**GIVEN ENTRIES**
┌────────

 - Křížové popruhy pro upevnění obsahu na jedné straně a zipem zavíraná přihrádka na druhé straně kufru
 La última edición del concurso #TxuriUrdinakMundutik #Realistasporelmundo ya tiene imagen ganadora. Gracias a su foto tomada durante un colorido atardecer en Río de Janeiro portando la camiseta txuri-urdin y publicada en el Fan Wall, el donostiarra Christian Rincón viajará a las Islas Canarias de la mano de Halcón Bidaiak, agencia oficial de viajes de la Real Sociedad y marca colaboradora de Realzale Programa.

└────────
┌────────

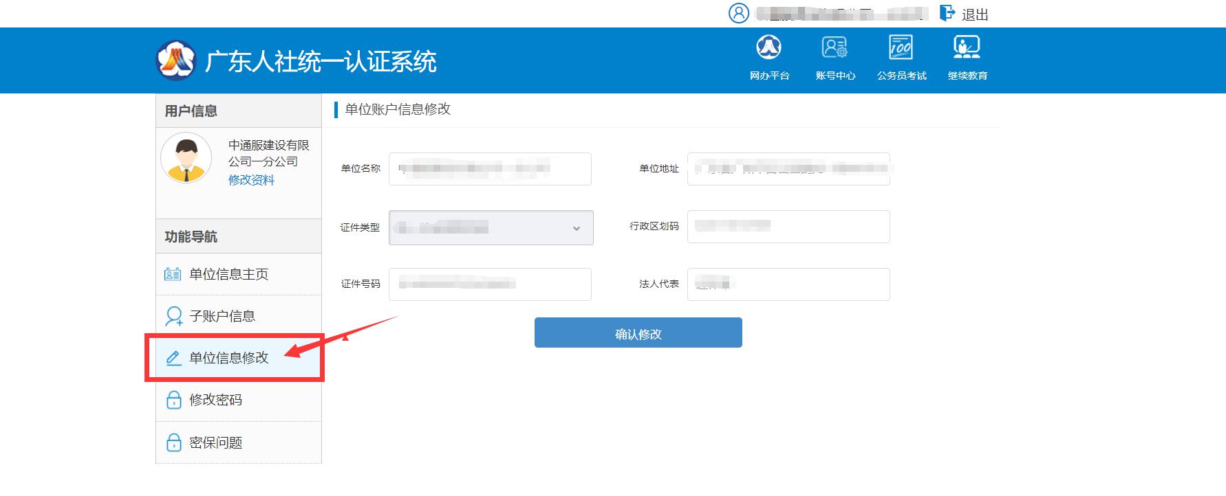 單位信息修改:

└────────

**REQUIRED ACTION**
Reproduce exactly, and only, the part of the listing above that begins at the line with "- Křížové popruhy" and goes on through the line with "La última edición".

**THE COMPLETED TASK**
 - Křížové popruhy pro upevnění obsahu na jedné straně a zipem zavíraná přihrádka na druhé straně kufru
 La última edición del concurso #TxuriUrdinakMundutik #Realistasporelmundo ya tiene imagen ganadora. Gracias a su foto tomada durante un colorido atardecer en Río de Janeiro portando la camiseta txuri-urdin y publicada en el Fan Wall, el donostiarra Christian Rincón viajará a las Islas Canarias de la mano de Halcón Bidaiak, agencia oficial de viajes de la Real Sociedad y marca colaboradora de Realzale Programa.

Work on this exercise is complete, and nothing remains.